I therefore find that the district properly discharged its “stay put” obligations to Tallulah during the summer 2011 in compliance with 20 U.S.C.§1415(j) and 603 CMR 28.08 (7) by offering her 1:1 tutoring services by district personnel consistent with and/or exceeding those set out in her last accepted IEP.
The Parent is not entitled to reimbursement for out-of-pocket expenses she incurred in arranging for individual tutoring services for the Student at the Commonwealth Learning Center during the summer 2011.
By the Hearing Officer
Dated: January 30, 2012
“Tallulah” is a pseudonym chosen by the Hearing Officer to protect the privacy of the Student in documents available to the public.
School year services are not relevant to the issue presented for Decision in this matter and will not be discussed.
The federal stay put protections are set out at 20 U.S.C.§1415(j):
during the pendency of any proceedings conducted pursuant to this section, unless the State or local education agency and the parents otherwise agree, the child shall remain in the then-current education placement of the child;
and at 34 CFR §300.518:
unless the State and local agency and the parents of the child agree otherwise, the child involved in the complaint must remain in his or her current educational placement.
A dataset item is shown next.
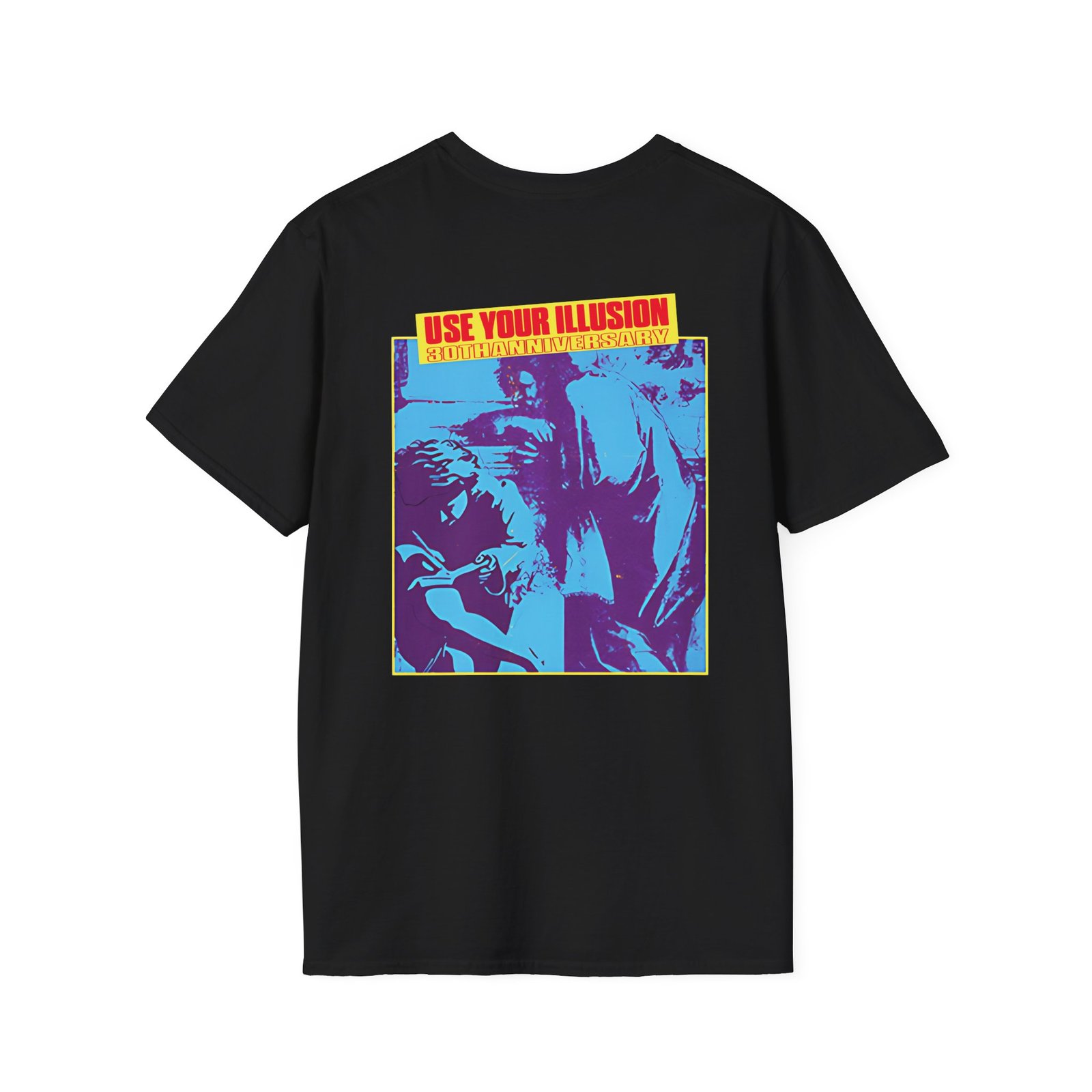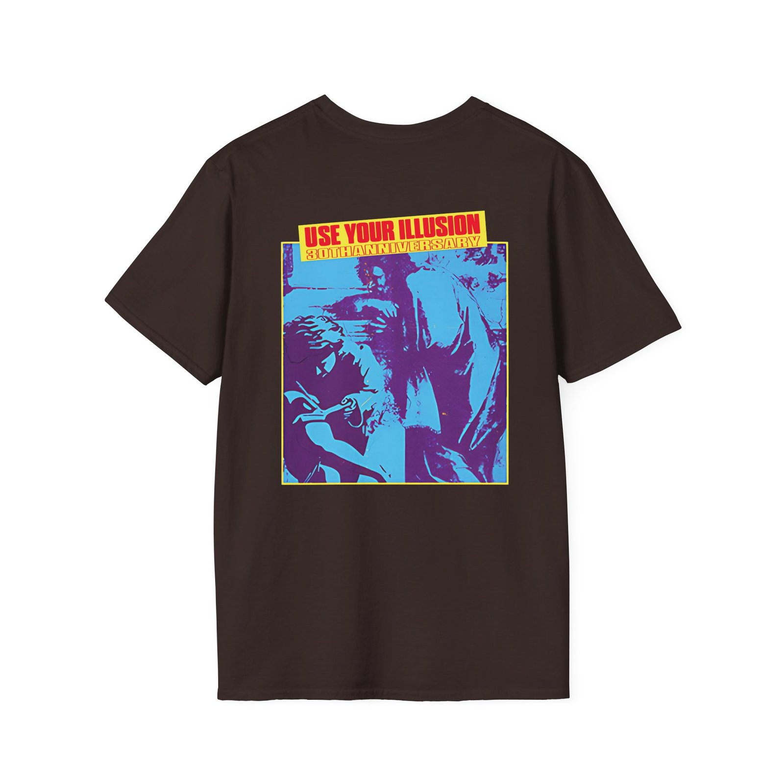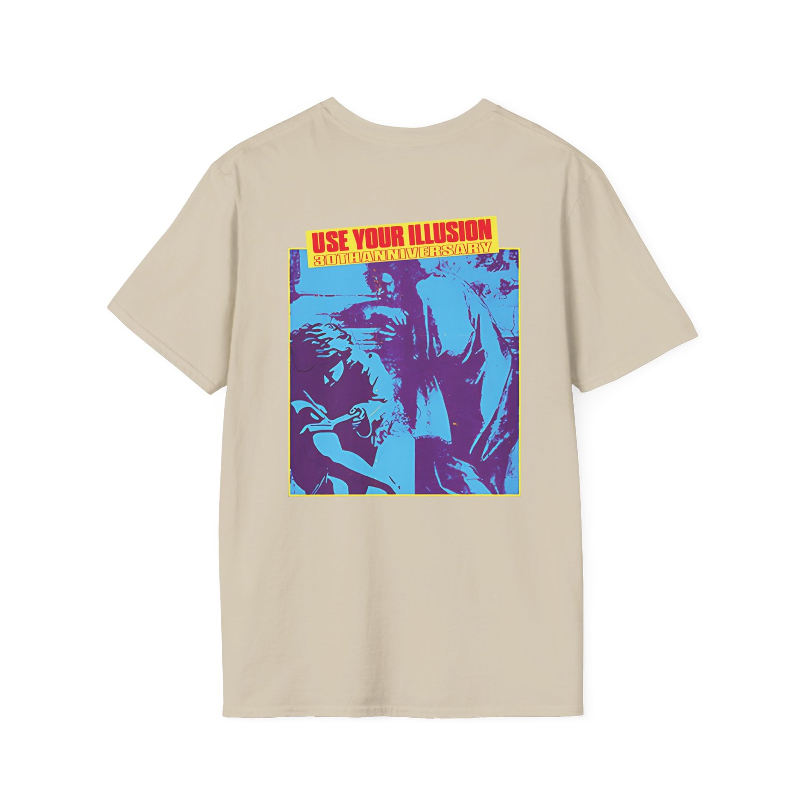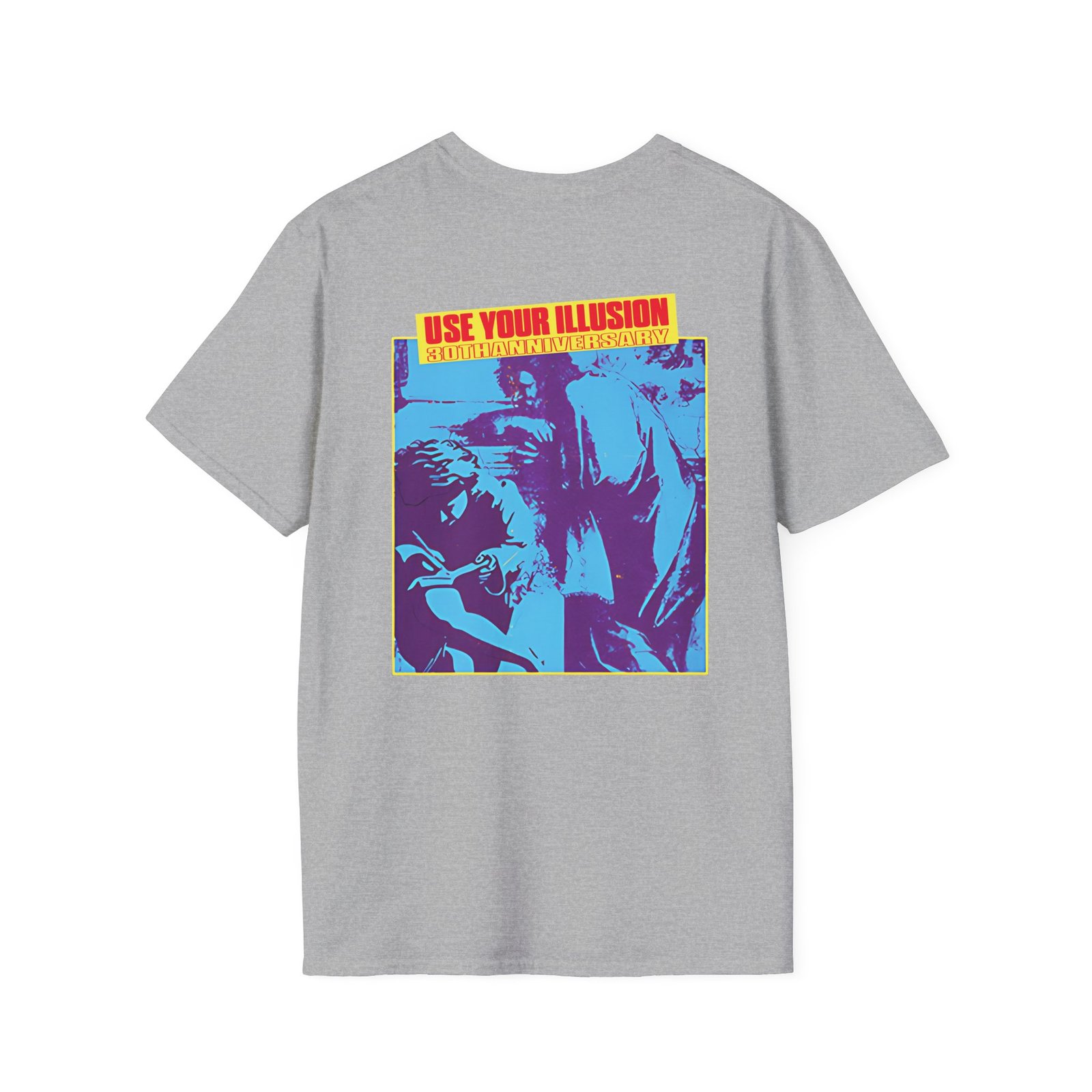 The Guns N Roses 30th Anniversary Use Your Illusion unisex soft-style t-shirt puts a new spin on casual comfort. Made from very soft materials, this tee is 100% cotton for solid colors. Heather colors and sports grey include polyester. The shoulders have twill tape for improved durability. There are no side seams. The collar is made with ribbed knitting to prevent curling damage.

See discussion of stay-put protections (which remained the same from the IDEA to IDEA 2004) in Verhoeven v. Brunswick School Committee , 207 F.3d I (1st Cir. 1999).
603 CMR 28.8(7) provides:
In accordance with state and federal law, during the pendency of any dispute regarding placement or services the eligible student shall remain in his or her then current education program and placement unless the parents and the school district agree otherwise.